→ **PROMPT**:
Where the lines below hold images, skip those and copy every word exactly.

→ **DATA EXTRACT**:
######

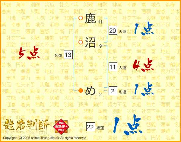 鹿沼めさんの人運は11画の4点!
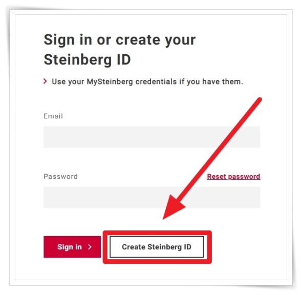 ▼ 로그인이 필요 합니다. 계정을 만들기 위해서 "Create Steinberg ID"을 클릭해 주세요.
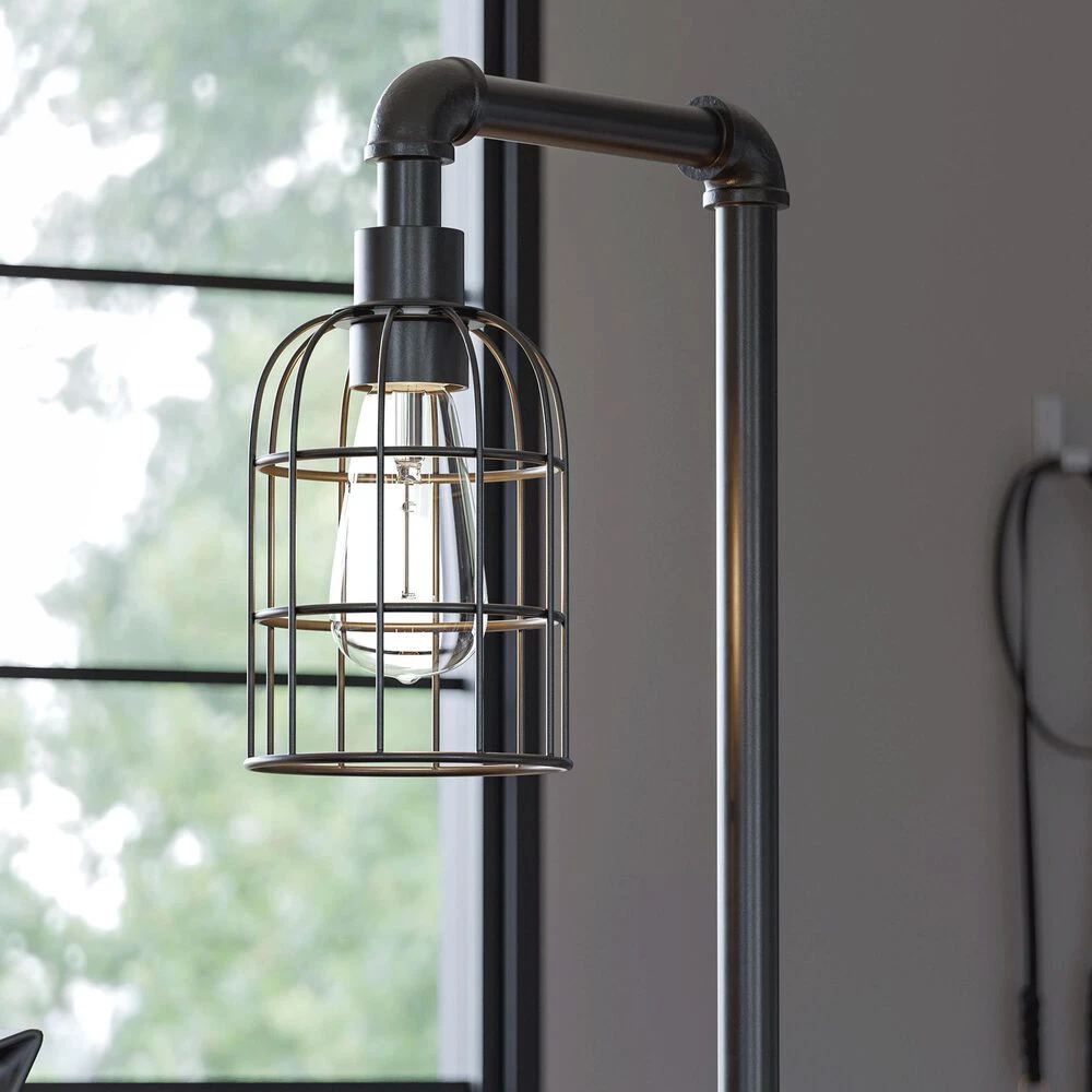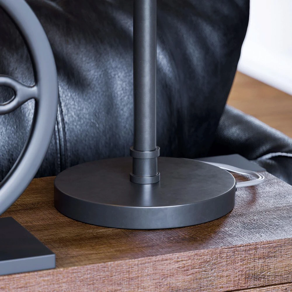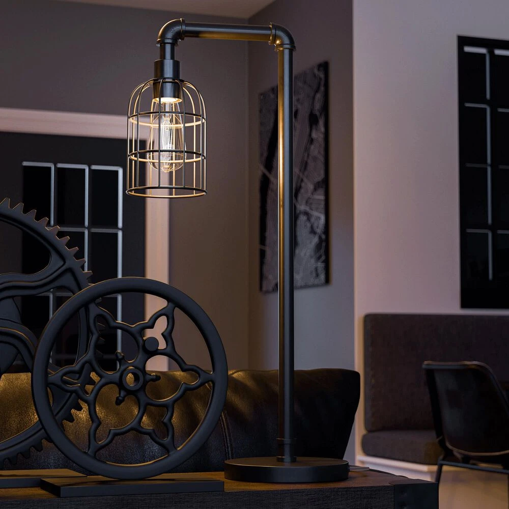 Looking to bring a fresh dose of style and function into your space? This edgy, contemporary table lamp brings the best of task lighting to your urban home office. A rich bronze graphite finish complements the open cage-style shade – perfect for use with the included vintage-style LED Edison bulb.

######

→ **WRITTEN SOLUTION**:
 鹿沼めさんの人運は11画の4点!
 ▼ 로그인이 필요 합니다. 계정을 만들기 위해서 "Create Steinberg ID"을 클릭해 주세요.
 Looking to bring a fresh dose of style and function into your space? This edgy, contemporary table lamp brings the best of task lighting to your urban home office. A rich bronze graphite finish complements the open cage-style shade – perfect for use with the included vintage-style LED Edison bulb.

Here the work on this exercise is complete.